The reality of ecological destruction and manmade climate change is no longer discussed exclusively by scientists, environmentalists, and nature lovers. It is now at the center of our consciousness. Yet, so often, those ringing the warning bells neglect to mention the actual physical landscapes we are losing. We forget that we cannot fight for, protect, or even mourn that which we will not name.

Macfarlane learned this lesson and insists on naming. He reminds us of the things we have left, and why saving them won’t just spare us from massive food shortages, super storms, and political upheaval; it will also keep us from living in a world less full of delight.

On his journey to find cave paintings in Norway, Macfarlane tells us about what old Celtic Christians once referred to as the “thin places,” where different realms or worlds met. In myth and spiritual practice, caves were among these sacred sites.

Perhaps we are in a “thin place” now in our history. What we decide next could change the fate of the planet. Underland may help us choose more wisely.

[Editor's note: This review originally ran in 2019.]

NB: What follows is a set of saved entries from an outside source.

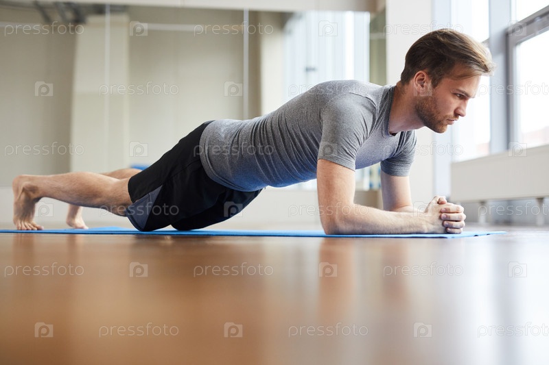 Концентрированный мужчина делает позу на доске
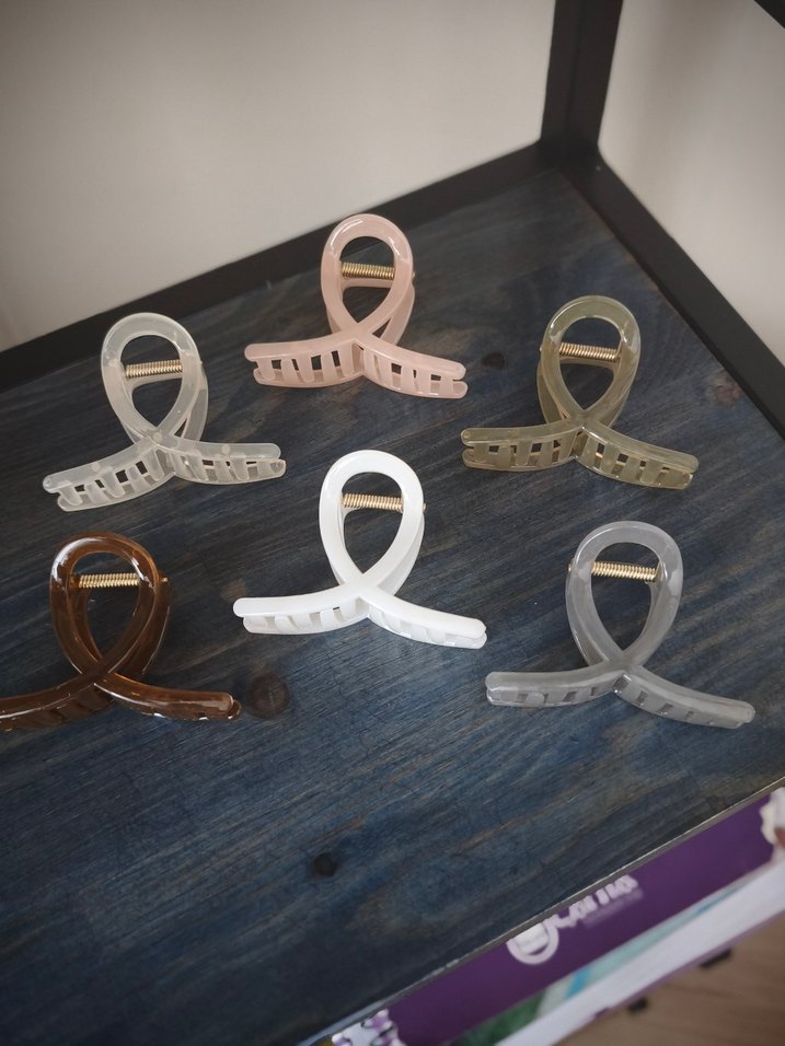 Hafif bej renkte, plastikten yapılmış minimal kurdele şekilli saç tokaları. Çağdaş ve modaya uygun tasarım, trend belirleyiciler için. ✨
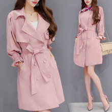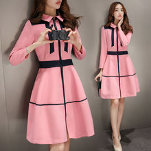 2017春装新款韩版修身女装粉色A字裙中长款长袖风衣连衣裙女潮

Gretchen Lida is an essayist and an equestrian. Her work has appeared in the Washington Post, the Rumpus, the Los Angeles Review of Books, and many other publications. She is also a contributing writer to Book Riot and the Washington Independent Review of Books and is working on her first book. She teaches composition in Illinois, lives in Chicago, sometimes resides on Nantucket Island, and is still a Colorado native. Find her on Twitter at @GC_Lida.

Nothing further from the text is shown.